The law of commutation appeared in the first axiom system for propositional calculus ever proposed.  Gottlob Frege's system was {CpCqp, CCpCqrCCpqCpr, CCpCqrCqCpr, CNNpp, CpNNp, CCpqCNqNp}.  Jan Lukasiewicz figured out that the law of commutation could get derived from the first two axioms a few decades later.  Here's a proof:

axiom   1 CpCqp
axiom   2 CCpCqrCCpqCpr
D1.2     3 CpCCqCrsCCqrCqs
D2.3     4 CCpCqCrsCpCCqrCqs
D1.4     5 CpCCqCrCstCqCCrsCrt
D2.5     6 CCpCqCrCstCpCqCCrsCrt
D6.1     7 CCpCqrCsCCpqCpr
D4.7     8 CCpCqrCCsCpqCsCpr
D2.8     9 CCCpCqrCsCpqCCpCqrCsCpr
D1.1   10 CpCqCrq
D9.10 11 CCpCqrCqCpr

The law of commutation also appears as an axiom or theorem in many other systems of logic.  If one has it in a system S, and it does NOT need one of the axioms to get derived, then there may very well exist a way to figure out an alternative system A which has the same theorems as S.  For instance, we'll start by pointing out that CCpCqrCqCpr comes as derivable from {CpCqp, CCpCqrCCpqCpr} above.  Now since CCpqCNqNp and D [CCpCqrCCpqCpr].[CCpqCNqNp] exists it turns out that the theorems of Frege's system have another axiomization than {CpCqp, CCpCqrCCpqCpr, CNNpp, CpNNp, 5a-CCpqCNqNp}.  Namely, that axiomization is {CpCqp, CCpCqrCCpqCpr, CNNpp, CpNNp, 5b-CNpCCqpNq}.  To prove this we only need to write out that D[ CCpCqrCqCpr].5a yields 5b and D[CCpCqrCqCpr].5b yields 5a.
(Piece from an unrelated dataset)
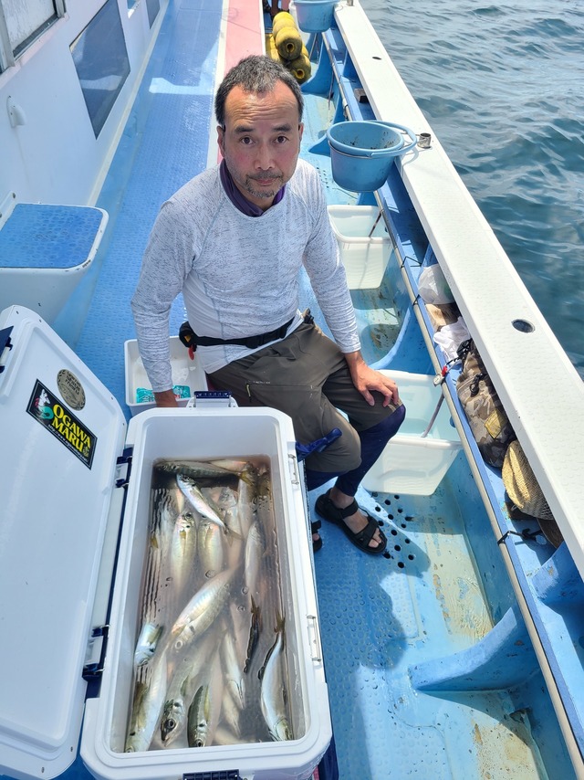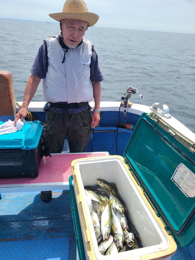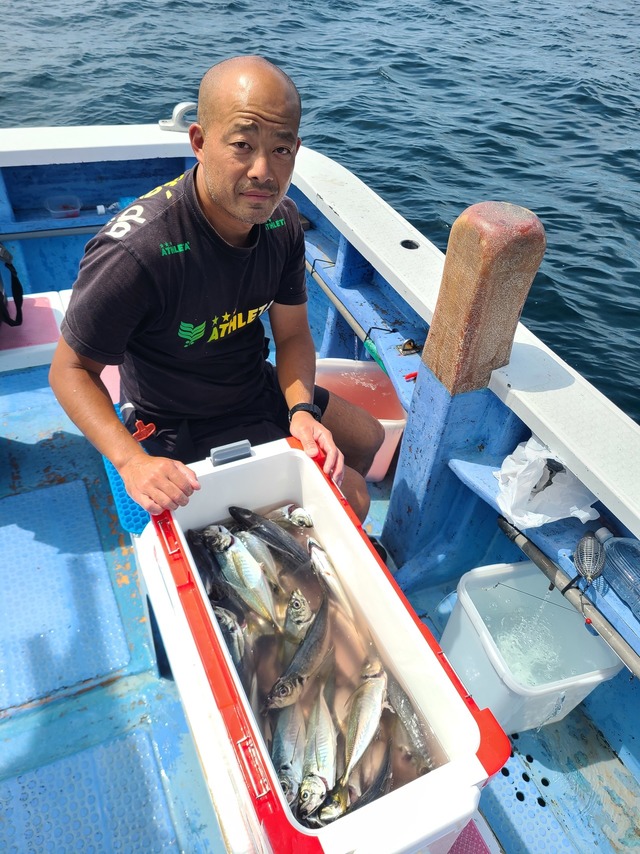 (マアジ)21~50匹 今日は東寄りの弱い風で波も穏やか。いい凪の中、アジ釣りを楽しんできました。水深50~70mで、水温は26°C、潮色は澄み。潮の流れも緩やかで、釣りやすい一日となりました。水深50~70mで反応を探ると、アジの群れが落ち着かない様子でしたが、コンスタントにアタリを拾うことができました。サイズは中型が中心ながら、大型も顔を出し、引き味も楽しめました!潮が澄んでいたため、仕掛けやタナの調整が釣果を分けるポイントになったかもしれませんね。この状況で竿頭の高橋さんは素晴らしい釣果でした!お見事です!

Also, let's suppose that we have CCpCqrCqCpr and Cpp as our axioms:

axiom   1  CCpCqrCqCpr
axiom   2  Cpp
D1.2     3  CpCCpqq
D3.2     4  CCCppqq
D1.4     5  CpCCCqqCprr
D1.5     6  CCCppCqrCqr

Notice that 6 is not the same formula as 4, but 6 is a more specialized (or less general) formula than 4 since we can obtain 6 from 4 by substitution only.